Given records:
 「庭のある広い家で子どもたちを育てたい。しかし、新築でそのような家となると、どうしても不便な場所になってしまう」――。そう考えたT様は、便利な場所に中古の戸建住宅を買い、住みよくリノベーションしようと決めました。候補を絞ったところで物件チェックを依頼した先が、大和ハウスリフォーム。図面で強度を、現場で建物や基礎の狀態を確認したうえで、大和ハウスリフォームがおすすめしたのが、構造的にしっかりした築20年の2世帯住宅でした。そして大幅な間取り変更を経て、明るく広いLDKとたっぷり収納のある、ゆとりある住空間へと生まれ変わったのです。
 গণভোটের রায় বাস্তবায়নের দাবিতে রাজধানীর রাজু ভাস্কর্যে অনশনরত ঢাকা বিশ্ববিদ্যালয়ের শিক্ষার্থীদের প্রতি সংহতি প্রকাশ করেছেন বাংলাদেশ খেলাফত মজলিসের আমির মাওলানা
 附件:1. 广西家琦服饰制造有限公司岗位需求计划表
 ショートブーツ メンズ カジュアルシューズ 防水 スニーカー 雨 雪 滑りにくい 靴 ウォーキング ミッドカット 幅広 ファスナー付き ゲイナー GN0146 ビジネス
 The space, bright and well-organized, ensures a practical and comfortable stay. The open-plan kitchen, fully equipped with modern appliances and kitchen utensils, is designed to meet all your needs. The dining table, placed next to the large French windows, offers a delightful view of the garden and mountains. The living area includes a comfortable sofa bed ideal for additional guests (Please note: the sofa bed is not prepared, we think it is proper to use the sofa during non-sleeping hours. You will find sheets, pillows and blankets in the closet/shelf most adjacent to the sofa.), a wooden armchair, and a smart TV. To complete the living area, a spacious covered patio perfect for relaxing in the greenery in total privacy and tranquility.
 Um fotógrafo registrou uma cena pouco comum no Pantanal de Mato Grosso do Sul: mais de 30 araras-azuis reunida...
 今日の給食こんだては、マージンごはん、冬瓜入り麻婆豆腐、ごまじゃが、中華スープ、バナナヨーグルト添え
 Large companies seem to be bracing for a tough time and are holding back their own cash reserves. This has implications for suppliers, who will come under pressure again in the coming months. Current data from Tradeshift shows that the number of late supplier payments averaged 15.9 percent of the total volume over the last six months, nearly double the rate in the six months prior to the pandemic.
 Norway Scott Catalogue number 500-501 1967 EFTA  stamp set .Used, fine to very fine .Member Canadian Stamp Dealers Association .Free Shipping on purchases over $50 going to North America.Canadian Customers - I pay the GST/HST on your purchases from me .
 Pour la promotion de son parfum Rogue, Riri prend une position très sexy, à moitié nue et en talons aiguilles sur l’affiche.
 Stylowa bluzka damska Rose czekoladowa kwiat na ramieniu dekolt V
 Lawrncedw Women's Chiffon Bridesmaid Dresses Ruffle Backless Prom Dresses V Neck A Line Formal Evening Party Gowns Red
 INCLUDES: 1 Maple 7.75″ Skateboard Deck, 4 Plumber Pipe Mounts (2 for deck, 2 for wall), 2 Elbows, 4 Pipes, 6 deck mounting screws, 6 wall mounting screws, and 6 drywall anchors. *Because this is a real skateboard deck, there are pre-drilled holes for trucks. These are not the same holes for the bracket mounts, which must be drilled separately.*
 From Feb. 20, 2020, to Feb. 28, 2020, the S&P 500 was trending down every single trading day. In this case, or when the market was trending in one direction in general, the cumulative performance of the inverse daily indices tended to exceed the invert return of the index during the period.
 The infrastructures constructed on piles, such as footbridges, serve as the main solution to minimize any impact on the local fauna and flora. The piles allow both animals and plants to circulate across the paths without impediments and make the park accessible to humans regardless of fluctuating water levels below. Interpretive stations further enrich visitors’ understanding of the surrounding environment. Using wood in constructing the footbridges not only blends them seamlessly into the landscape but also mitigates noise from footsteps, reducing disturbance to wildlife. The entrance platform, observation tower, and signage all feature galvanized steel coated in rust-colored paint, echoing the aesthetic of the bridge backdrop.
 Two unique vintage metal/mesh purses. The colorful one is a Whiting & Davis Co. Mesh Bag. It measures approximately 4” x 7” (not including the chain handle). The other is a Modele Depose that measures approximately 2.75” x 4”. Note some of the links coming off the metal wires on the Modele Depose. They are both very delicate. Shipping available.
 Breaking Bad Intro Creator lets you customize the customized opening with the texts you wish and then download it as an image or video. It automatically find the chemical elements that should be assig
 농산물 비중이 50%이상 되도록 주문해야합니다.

What to work on: Take the entries above and return only the lines from the one with "Stylowa bluzka damska" to the one with "The infrastructures constructed", both included, unchanged.

Answer for the task:
 Stylowa bluzka damska Rose czekoladowa kwiat na ramieniu dekolt V
 Lawrncedw Women's Chiffon Bridesmaid Dresses Ruffle Backless Prom Dresses V Neck A Line Formal Evening Party Gowns Red
 INCLUDES: 1 Maple 7.75″ Skateboard Deck, 4 Plumber Pipe Mounts (2 for deck, 2 for wall), 2 Elbows, 4 Pipes, 6 deck mounting screws, 6 wall mounting screws, and 6 drywall anchors. *Because this is a real skateboard deck, there are pre-drilled holes for trucks. These are not the same holes for the bracket mounts, which must be drilled separately.*
 From Feb. 20, 2020, to Feb. 28, 2020, the S&P 500 was trending down every single trading day. In this case, or when the market was trending in one direction in general, the cumulative performance of the inverse daily indices tended to exceed the invert return of the index during the period.
 The infrastructures constructed on piles, such as footbridges, serve as the main solution to minimize any impact on the local fauna and flora. The piles allow both animals and plants to circulate across the paths without impediments and make the park accessible to humans regardless of fluctuating water levels below. Interpretive stations further enrich visitors’ understanding of the surrounding environment. Using wood in constructing the footbridges not only blends them seamlessly into the landscape but also mitigates noise from footsteps, reducing disturbance to wildlife. The entrance platform, observation tower, and signage all feature galvanized steel coated in rust-colored paint, echoing the aesthetic of the bridge backdrop.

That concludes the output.